This function serves as an all-in-one interface for various genomic data analyses leveraging k-mer based techniques.
kmeRtone(
case.coor.path,
genome.name,
strand.sensitive,
k,
ctrl.rel.pos = c(80, 500),
case.pattern,
output.dir = "output/",
case,
genome,
control,
control.path,
genome.path,
rm.case.kmer.overlaps,
single.case.len,
merge.replicates,
kmer.table,
module = "score",
rm.dup = TRUE,
case.coor.1st.idx = 1,
ctrl.coor.1st.idx = 1,
coor.load.limit = 1,
genome.load.limit = 1,
genome.fasta.style = "UCSC",
genome.ncbi.db = "refseq",
use.UCSC.chr.name = FALSE,
verbose = TRUE,
kmer.cutoff = 5,
selected.extremophiles,
other.extremophiles,
cosmic.username,
cosmic.password,
tumour.type.regex = NULL,
tumour.type.exact = NULL,
cell.type = "somatic",
genic.elements.counts.dt,
population.size = 1e+06,
selected.genes,
add.to.existing.population = FALSE,
population.snv.dt = NULL,
pop.plot = TRUE,
pop.loop.chr = FALSE
)
Depends on the selected module.
Path to a folder containing chromosome-separated coordinate files or bedfiles. Assumed replicates for subfolder or bedfiles.
Name of the genome (e.g., "hg19", "hg38"). Default is "unknown".
Logical value indicating whether strand polarity matters. Default is TRUE.
Length of k-mer to be investigated. Recommended values are 7 or 8.
A vector of two integers specifying the relative range positions of control regions.
Regular expression pattern for identifying case regions. Default is NULL.
Directory path for saving output files. Default is "output/".
Optional pre-built Coordinate object.
Optional pre-built Genome object.
Optional pre-built control Coordinate object.
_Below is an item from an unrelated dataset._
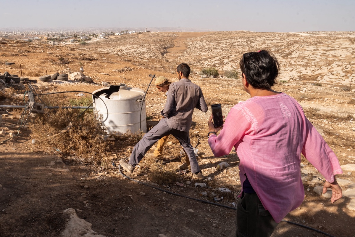 Un gruppo di attivisti israeliani, che è organizzato in turni di guardia in un paese vicino per difendere i palestinesi, è arrivato quasi subito, ha marcato a uomo i quattro coloni e ha fatto ostruzionismo per impedire loro di muoversi dentro e attorno alla casa. Anche gli attivisti hanno filmato tutto con telefoni e videocamere, perché sanno che il materiale girato può diventare una prova decisiva.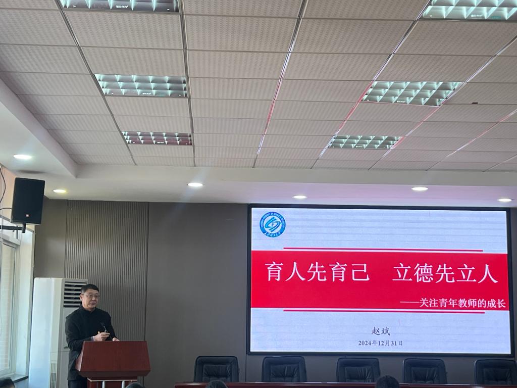 赵斌以“育人先育己,立德先立人”为题,以自身二十二年在教书育人、教学工作、科研工作、学生管理与格局规划五个方面为切入点,围绕当前高校“内卷”困境,帮助青年教师探索发展之路。他强调,青年教师应成为一个有理想讲政治,有能力讲奉献,有担当讲团结的人,保持终身学习,做到知行合一,把论文写在祖国的大地上。符慧林表示,青年教师要内外双修,潜心教学,藏技于身,方能挥洒自如。无论何时,始终要做一个有格局、讲情怀的教师。

Path for pre-built control Coordinate object.
Path to a directory of user-provided genome FASTA files.
Logical indicating whether to remove overlapping k-mers in case regions. Default is FALSE.
Integer indicating uniform length of case regions.
Logical indicating whether to merge replicates. Default is TRUE.
Pre-calculated k-mer score table.
Selected kmeRtone module to run. Possible values include "score", "explore", "tune", among others.
Logical indicating whether to remove duplicate coordinates. Default is TRUE.
Integer specifying indexing format for case coordinates.
Integer specifying indexing format for control coordinates.
Maximum number of coordinates to load. Default is 1.
Maximum number of genome sequences to load. Default is 1.
String specifying the style of the genome FASTA. Possible values are "UCSC", "NCBI". Default is "UCSC".
String specifying the NCBI database to use. Possible values are "refseq", "genbank". Default is "refseq".
Logical indicating whether to use UCSC chromosome names.
Logical indicating whether to display progress messages. Default is TRUE.
Cutoff percentage for k-mer selection in case studies. Default is 5.
Vector of selected extremophile species for study.
Vector of other extremophile species for control.
COSMIC username for accessing the cancer gene census.
COSMIC password for accessing the cancer gene census.
Regular expression pattern for filtering tumour types.
Exact tumour type to be included in the cancer gene census.
Cell type to be included in the cancer gene census. Default is "somatic".
Data table of susceptible k-mer counts in genic elements.
Size of the population for cross-population studies. Default is 1 million.
Selected genes for mutation in cross-population studies.
Logical indicating whether to add to the existing simulated population. Default is FALSE.
Data table of single nucleotide variants used in population simulations.
Logical indicating whether to plot the outcome of the cross-population study. Default is TRUE.
Logical indicating whether to loop based on chromosome name in cross-population studies. Default is FALSE.